Last Tuesday, town manager Steve Bartha ordered the fire department to take down “thin blue line” flags that had hung on trucks for the past two years.
“The symbol has also become a form of political speech in today’s social landscape that has the power to make marginalized members of our community feel unwelcome and unsafe,” Bartha said in a statement last week.
Bettencourt rounded up hundreds of supporters to rally in front of town hall, but he soon got word that a local “Black Lives Matter” standout was scheduled for the same night, in the same location.
Not everyone got the memo. Lynn teacher Davia Moore showed up to what she thought was simply a BLM standout and was overwhelmed by the number of vocal police supporters waving enormous “thin blue line” flags and blasting music from speakers set in the beds of pickup trucks.
“It feels aggressive.

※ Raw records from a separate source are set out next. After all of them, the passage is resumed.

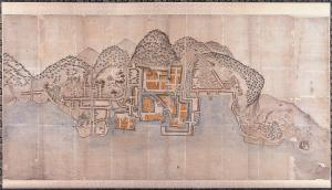 三原西町で酒造業などを営んでいた川口家に伝わったものです。 延宝2(1674)年創建の妙正寺が描かれており、元禄13(1700)年に築調された宮沖新開と東町の塩浜が描かれていないことから、この間の作成と考えられ、国会図書館の内閣文庫所蔵の正保絵図に次ぐ、古い三原城下の絵図です。
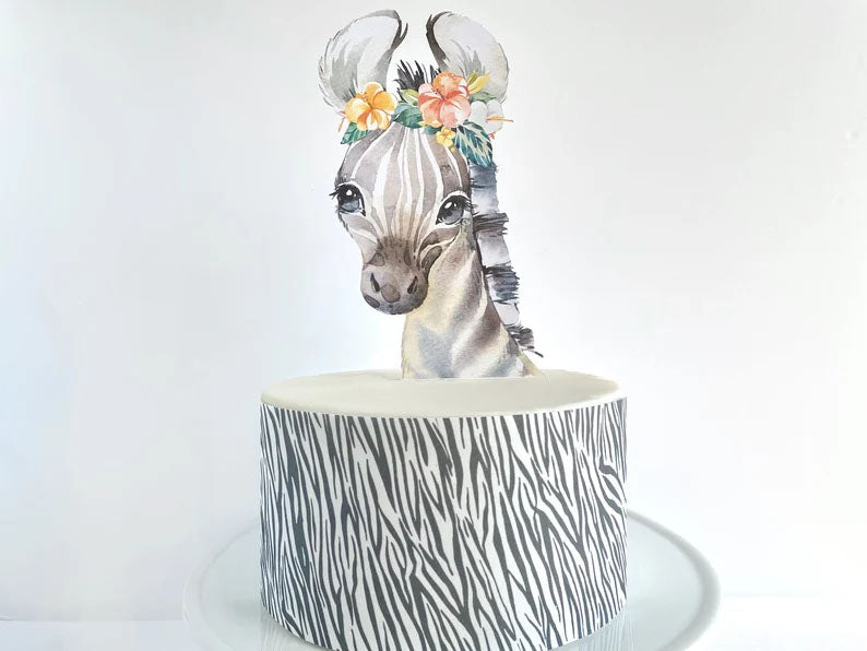White fondant cake with a zebra print side wrap and a watercolor zebra printout topper wearing a floral crown.
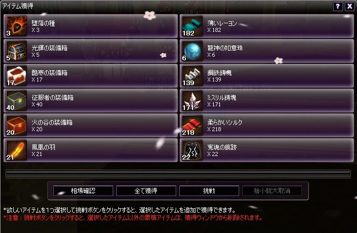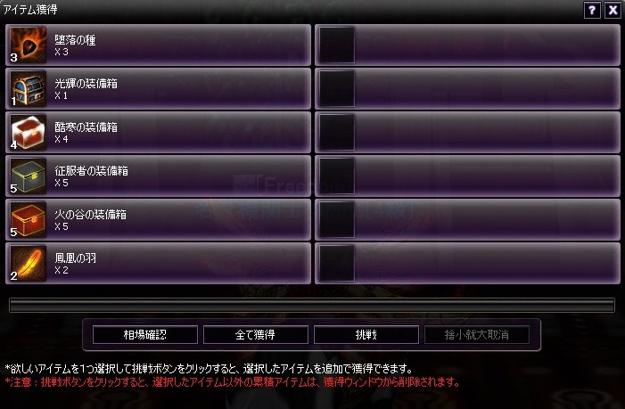 このボスは鳳凰の羽か、光輝箱しか落とさないです。
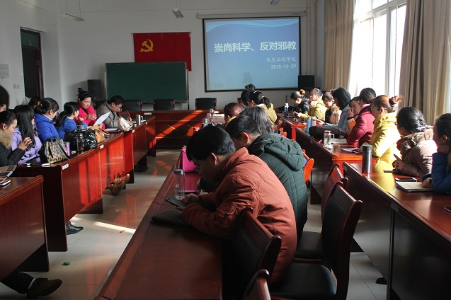 根据学校关于认真开展反邪教法治宣传月活动的通知要求,为了加强“崇尚科学、反对邪教”的宣传教育力度,提升广大师生识别邪教、抵制邪教的能力。2015年12月29日下午,信息工程学院召集全院教师在1A307会议室观看学习影片,组织教育学习。活动由李友国副院长主持。
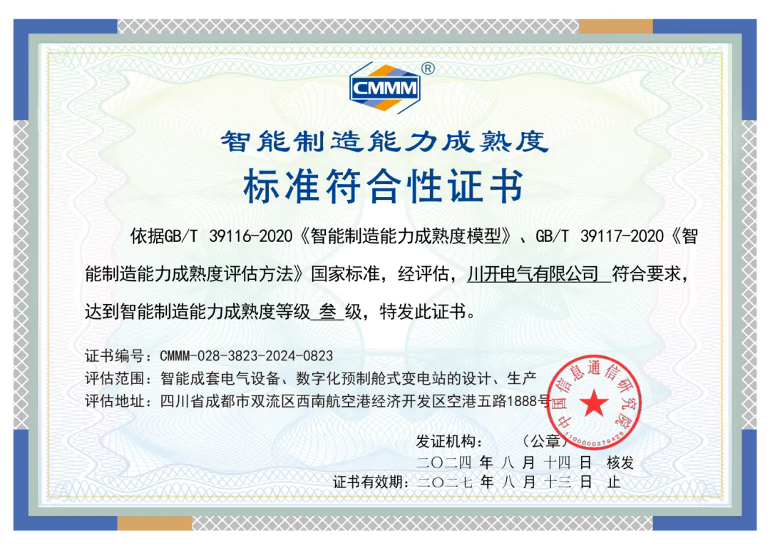 通過本次評估,代表著特銳德川開電氣在智能輸配電裝備制造行業(yè)智能制造建設(shè)方面進(jìn)入領(lǐng)跑賽道,也是對特銳德川開電氣多年來智能制造工作推進(jìn)的最好肯定。特銳德川開電氣也將以智能制造成熟度三級評估為契機(jī),依托自身經(jīng)驗和優(yōu)勢持續(xù)推進(jìn)智能制造建設(shè),始終貫徹落實國家戰(zhàn)略要求,以智能制造能力成熟度國家標(biāo)準(zhǔn)為指引,打造成為行業(yè)領(lǐng)先的數(shù)字化、智能化、綠色化智能制造標(biāo)桿工廠。
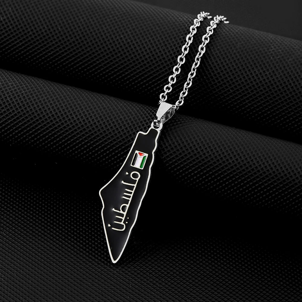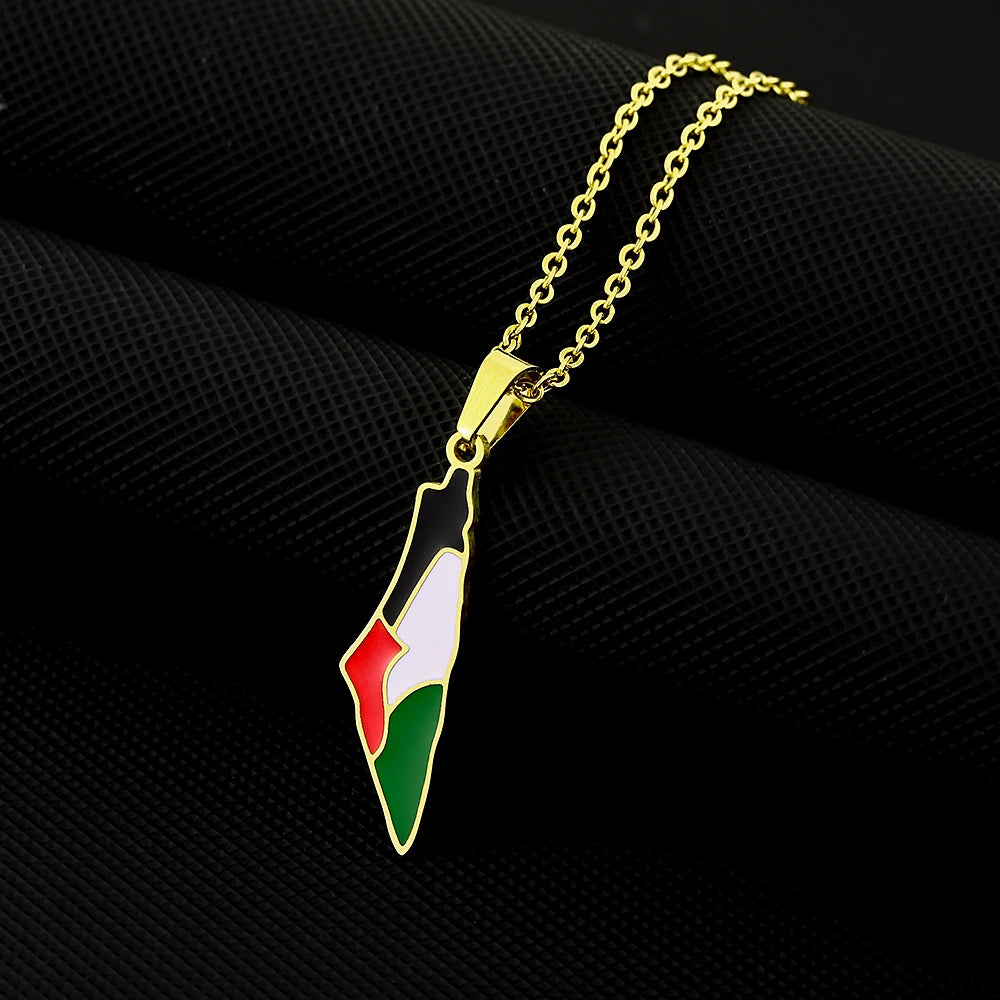 Diese stilvolle Halskette in Form der Palästina-Karte ist ein kraftvolles Statement für Identität und Zugehörigkeit. Der Anhänger kombiniert die Konturen des Landes mit den Farben der palästinensischen Flagge, was ihn zu einem besonderen und bedeutungsvollen Accessoire macht. Erhältlich in edler Gold- oder Silberoptik, ist die Kette ein Symbol des Stolzes und der Verbundenheit. Ob als persönliches Schmuckstück oder als Geschenk, diese Kette erzählt eine Geschichte von Heimat und Solidarität. Perfekt für alle, die ihre Wurzeln oder ihre Unterstützung auf elegante Weise zeigen möchten.
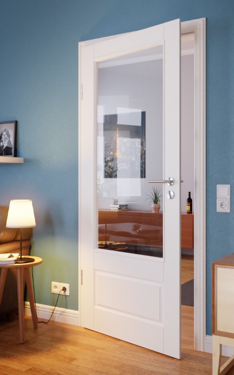 Wykrojnik szklany zajmuje górne dwie trzecie drzwi. Wygląd wypełnienia dopełnia prostokątne, sugerowane wypełnienie w dolnej części. Dzięki frezowaniom wzdłuż rogów oba elementy są sprytnie połączone i wyeksponowane. Dzięki wykrojnikowi do pomieszczenia wpada dużo światła. W przypadku rodzajów szkła masz wiele możliwości wyboru, od matowego do przezroczystego. Za dodatkową opłatą dostępne jest wypełnienie szklane.
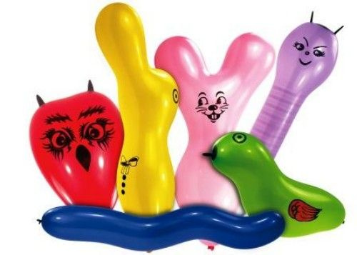 • Zabawne balony lateksowe w kolorach zielonym, różowym i niebieskim.
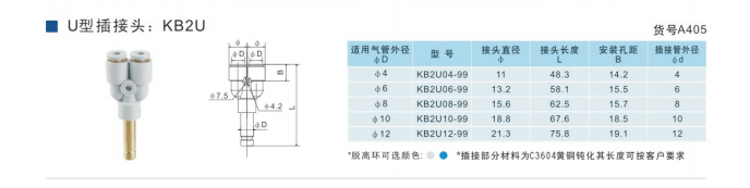 SMC型U型插接頭KB2U04-99,KB2U06-99,KB2U08-99,KB2U10-99,KB2U12-99,KB2U16-99,
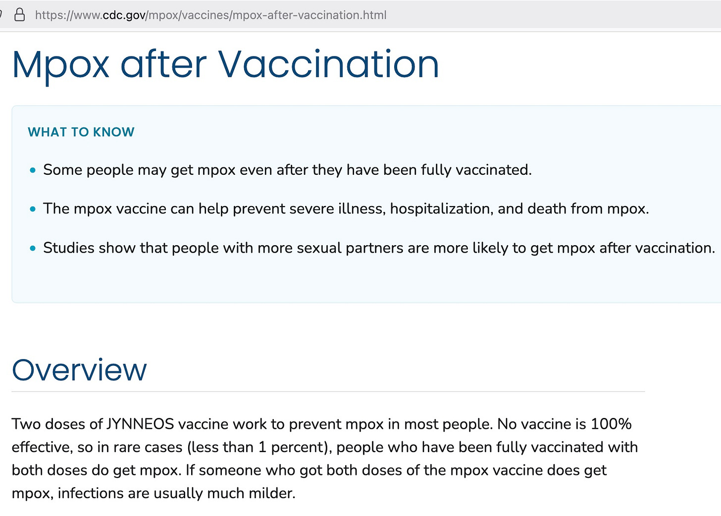 CDC makes different claims about this vaccine on the same page. First, CDC says, “The mpox vaccine can help prevent severe illness, hospitalization, and death from mpox.” Further down it says, “The vaccine may help protect you against severe infection, hospitalization, and death.”
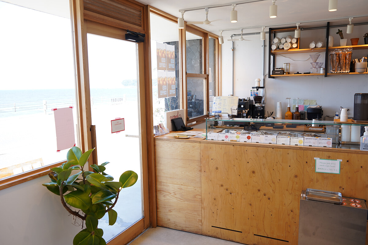 目の前には七里ヶ浜の海が広がり、店内からも海を感じられる気持ちの良いお店。
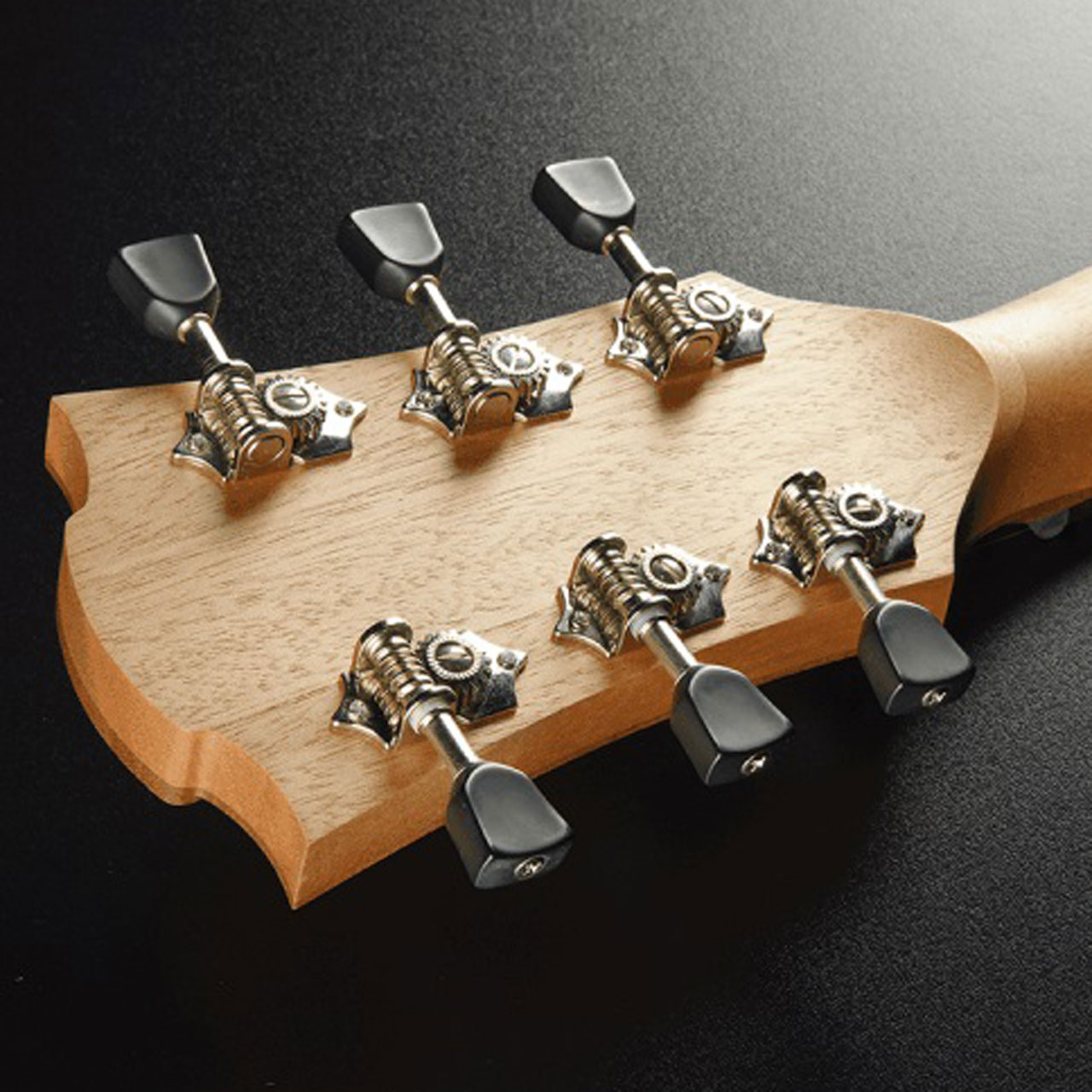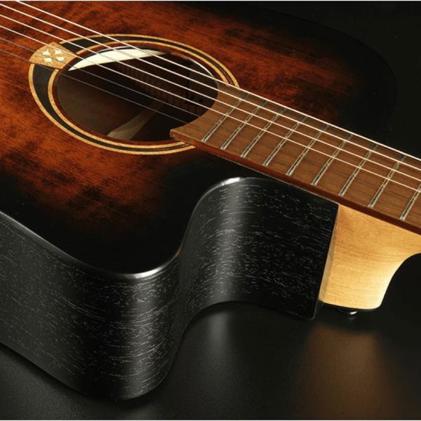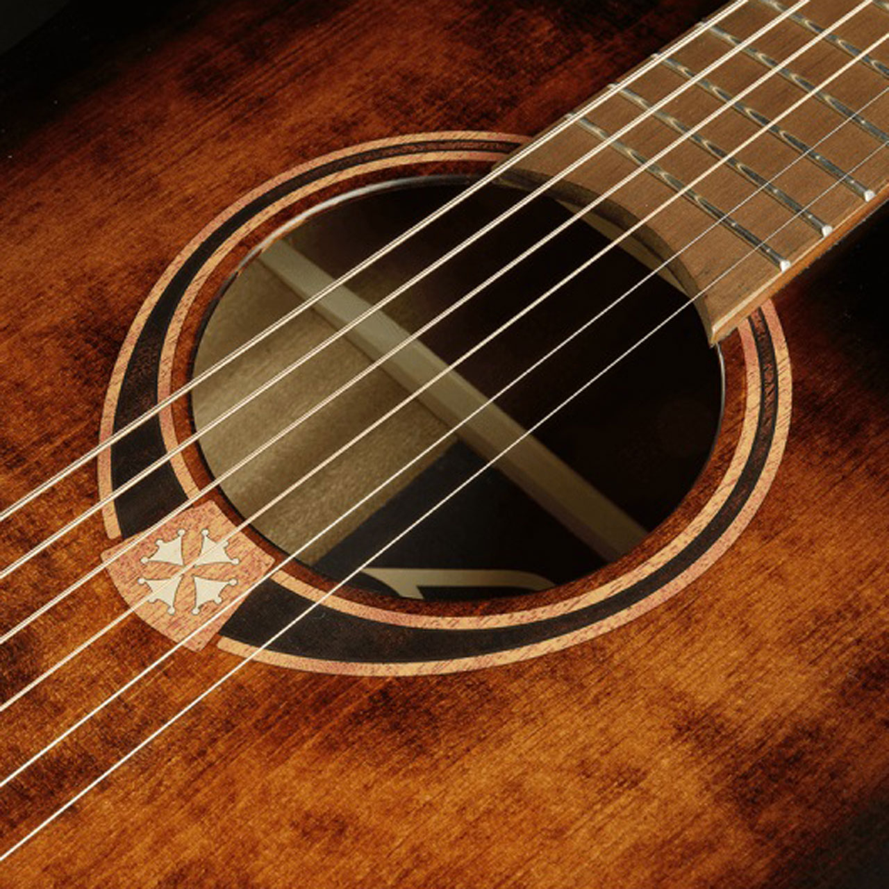 黒と茶色のサテン仕上げ (B&B) となるこの楽器は、LAG Guitarsの優雅さと革新性を体現する、視覚的にも印象的な楽器です。

It feels like people are crowding our space,” she said through tears.
“The lives of police officers mean quite a bit to me, so the feeling that I can either care about Black lives or the lives of people who serve us, feels like a really hard choice for me to make and one that I don’t think I should have to make in my community,” she said.
Bettencourt said the counterprotesters reached out to him about the scheduling conflict.
“We said, ‘You’re more than welcome to do it. I don’t think it’s a good idea to have it the same night,’ ” he told the Herald.
He said he believes removing the flag from firetrucks is an instance of misconstruing its message.
“That thin blue line’s a beacon of hope. It’s a safety blanket,” he said.
Danvers resident Emeline Walker brought a sign that said: “Blue Lives don’t exist.”
“A lot of times, rallies like this … they’re saying they’re the same thing: being Black, and being a cop. And they’re not,” she said.